The word Semite refers to peoples who speak or spoke a Semitic language, however the term "anti-Semitism" was first coined in 1879 in reference specifically to the hatred of Jews.


----------



## justfred (May 29, 2018)

The Nazi massacre of not only the Jews but others during Hitlers 'reign' seems to be the number one topic here. Why? I think it,s because it took place within or very close to living memory but were not other massacres that took place just as evil? Let,s look back in history. Mao Tse-tung's long march in which around 70 million were massacred. The massacre of the American Indians by the white man, The massacre of the Australian Aborigine. The massacre of Africans during  'colonisation' by the white man. Going further back, the massacre of hundreds of thousands  Muslims during the Crusades. Massacres have taken place and are still taking place all over the world.  
When will man learn to live in peace with his neighbour. Does it matter what colour his skin is? Does it matter which God he worships?


----------



## Ruthanne (May 29, 2018)

justfred said:


> The Nazi massacre of not only the Jews but others during Hitlers 'reign' seems to be the number one topic here. Why? I think it,s because it took place within or very close to living memory but were not other massacres that took place just as evil? Let,s look back in history. Mao Tse-tung's long march in which around 70 million were massacred. The massacre of the American Indians by the white man, The massacre of the Australian Aborigine. The massacre of Africans during  'colonisation' by the white man. Going further back, the massacre of hundreds of thousands  Muslims during the Crusades. Massacres have taken place and are still taking place all over the world.
> When will man learn to live in peace with his neighbour. Does it matter what colour his skin is? Does it matter which God he worships?



"When will man learn to live in peace with his neighbour. Does it matter what colour his skin is? Does it matter which God he worships?"  

Those are the most important ideas that need exploring.  Could you start a thread on that?  I think many will reply.


----------



## justfred (May 29, 2018)

Yes. I think it about time this thread was brought to a close. It has gone from Nazi memorabilia  to a slanging  match.  We all belong to this wonderful forum as friends. Let,s keep it that way, please!


----------



## KingsX (May 29, 2018)

.

Anyone who believes it doesn't matter which God is worshiped is no friend of mine !!

.


----------



## Aunt Bea (May 29, 2018)

KingsX said:


> .
> 
> Anyone who believes it doesn't matter which God is worshiped is no friend of mine !!
> 
> .



I'm sorry you feel that way but I'm ok with that.


----------



## Ruthanne (May 29, 2018)

justfred said:


> Yes. I think it about time this thread was brought to a close. It has gone from Nazi memorabilia  to a slanging  match.  We all belong to this wonderful forum as friends. Let,s keep it that way, please!

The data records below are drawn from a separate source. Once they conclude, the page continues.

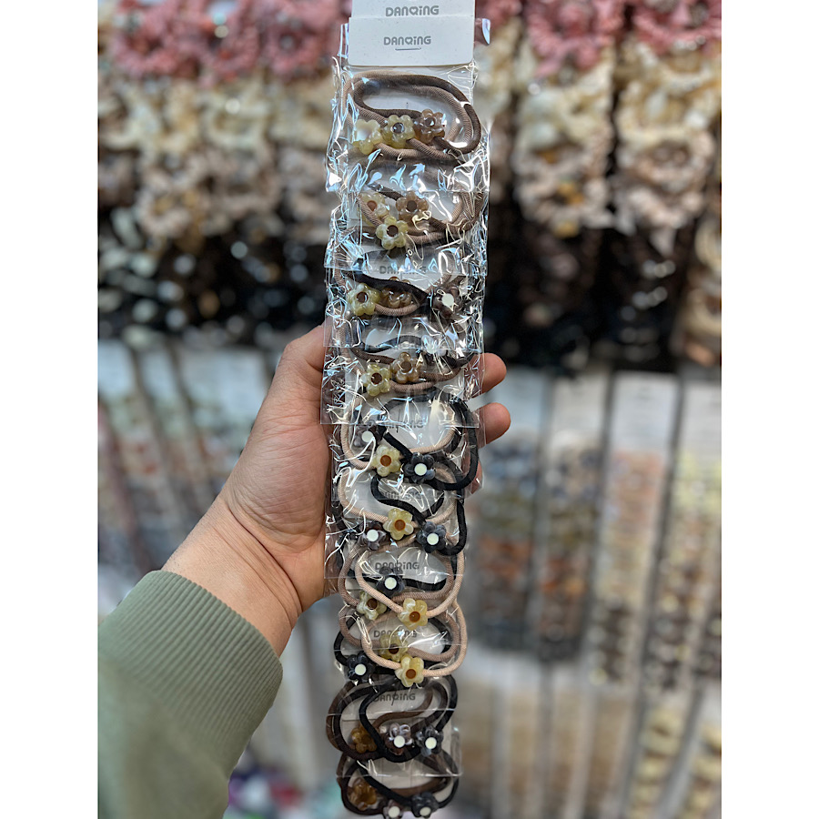 کش مو مدل زنانه پاکنی طرح لبخند کرم و قهوه ای ۲۰ عددی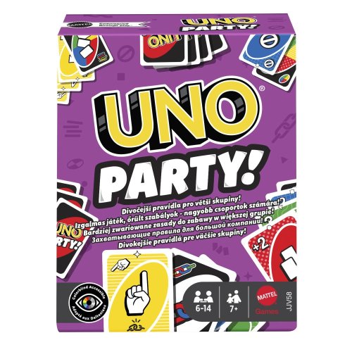 Speciální edice oblíbené karetní hry UNO, která se hraje stejně jako klasické UNO® – hledáte karty se stejnou barvou, číslem nebo symbolem. Tato verze je upravena pro větší skupiny hráčů, obsahuje více karet a přináší ještě hlasitější, bláznivější a divočejší zábavu. Nezapomeňte vykřiknout „UNO!“, když vám zbývá poslední karta. Přidává i nová pravidla pro interaktivní hru, například kartu „Ukaž na druhého“, kdy musí každý hráč ukázat na jiného – a ten si lízne kartu. UNO Party obsahuje 168 karet, což odpovídá 1,5 balíčku klasického UNO, a je ideální na každou párty nebo rodinné setkání plné smíchu.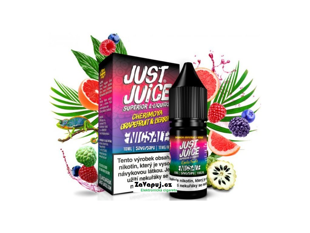 Svěží grapefruit, exotické cherimoyi a bobulovitý mix plný jahod, malin, borůvek... Britský výrobce liquidů Just Juice představuje liquidy SALT, které se od běžných liquidů odlišují tím, že mají nižší PH a obsahují nikotinovou sůl, díky které dochází k rychlejší a kvalitnější vstřebatelnosti = bez dráždivého pocitu v krku oproti klasickým liquidům. Poměr 50VG/50PG
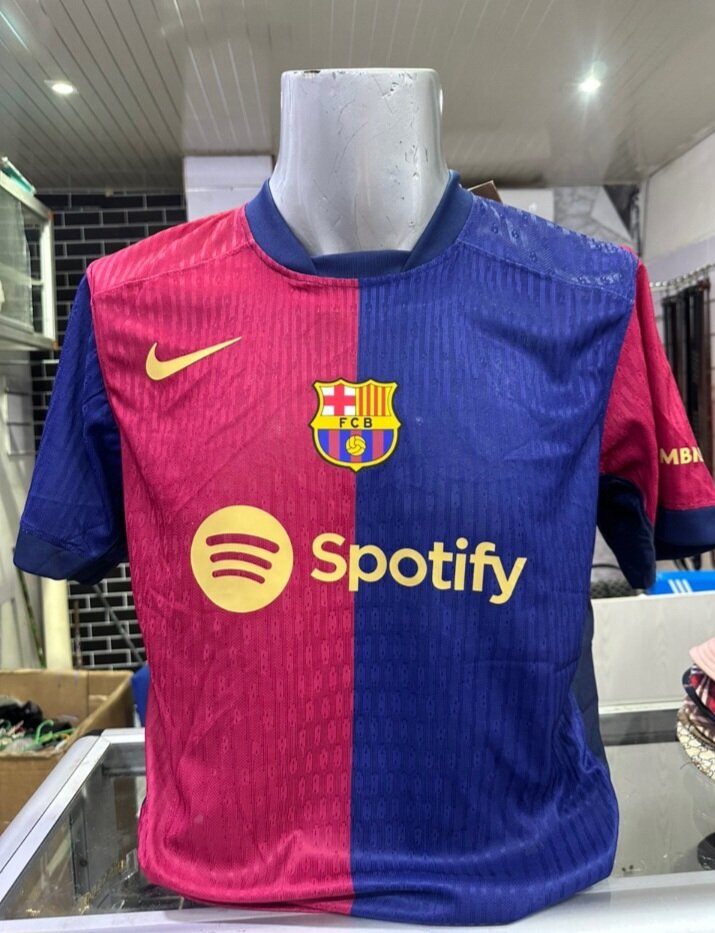 Maillot domicile FC Barcelone 2023/24, idéal pour les fans. Design unique avec logo Nike et sponsor Spotify. Confort et style pour tous vos matchs!
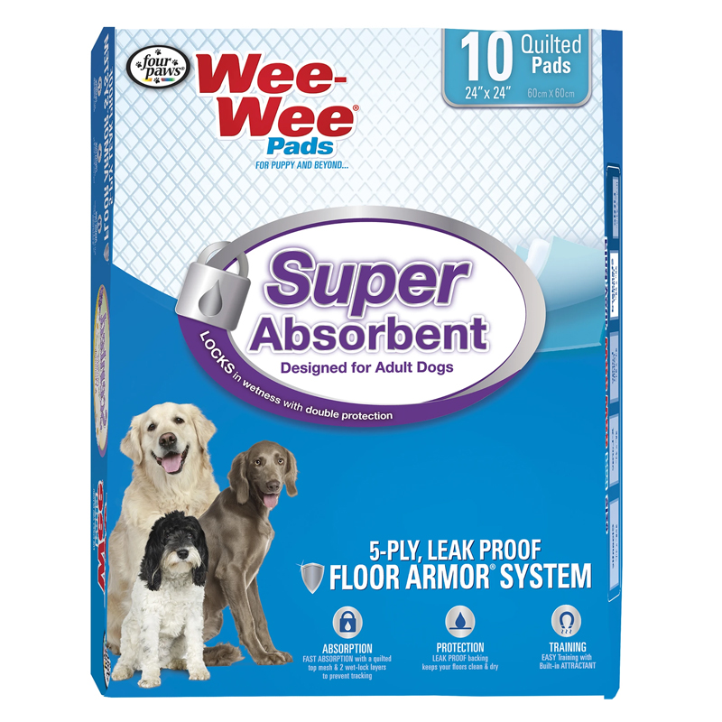 Four Paws Wee-Wee pads proporcionan entrenamiento sin preocupaciones y una alternativa al alivio en exteriores para su perro, con pads fáciles de usar que combinan con la decoración del hogar.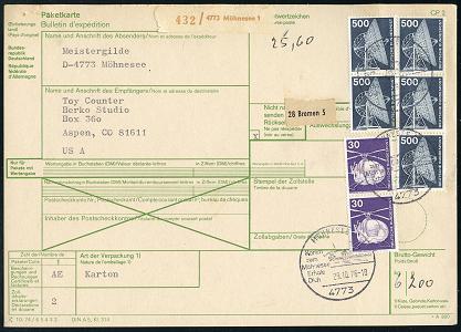 8334 | 16 € | PL-Raum 47.. (ohne Hamm) : 4773 MÖHNESEE/ Komm/ zum/ Möhnesee.. 1976 (29.10.) HWSt 3x auf Frankatur Technik Paar 30 Pf. u. 5er-Block 500 Pf. Radioteleskop = 2560 Pf.! , satzreine Frankatur + brauner Paketzettel: 4773 Möhnesee 1, sauber gest. Übersee-Paket-Kt. (kl. Klammerpunkte) n. U.S.A. | ![]() | |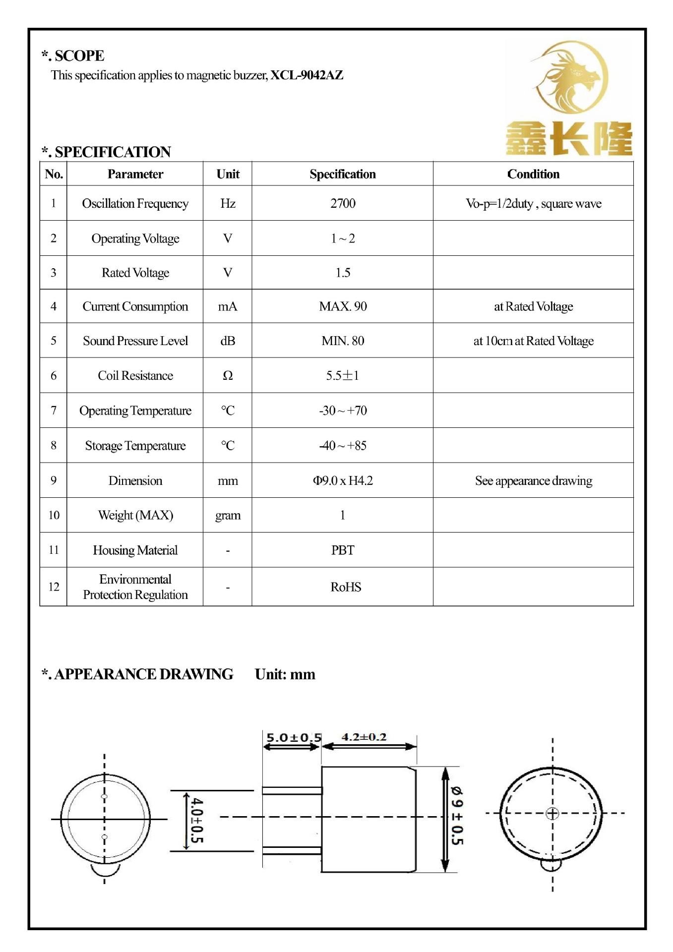 9042 전자식 버저 원형 핀 1.5V 통합형 패시브 5.5옴 소형 사이즈 알림기 도매

I agree 100%; we are all friends and what a nice thought that is!:love_heart:


----------



## Keesha (May 29, 2018)

justfred said:


> The Nazi massacre of not only the Jews but others during Hitlers 'reign' seems to be the number one topic here. Why? I think it,s because it took place within or very close to living memory but were not other massacres that took place just as evil? Let,s look back in history. Mao Tse-tung's long march in which around 70 million were massacred. The massacre of the American Indians by the white man, The massacre of the Australian Aborigine. The massacre of Africans during  'colonisation' by the white man. Going further back, the massacre of hundreds of thousands  Muslims during the Crusades. Massacres have taken place and are still taking place all over the world.
> When will man learn to live in peace with his neighbour. Does it matter what colour his skin is? Does it matter which God he worships?





Ruthanne said:


> "When will man learn to live in peace with his neighbour. Does it matter what colour his skin is? Does it matter which God he worships?"
> 
> Those are the most important ideas that need exploring.  Could you start a thread on that?  I think many will reply.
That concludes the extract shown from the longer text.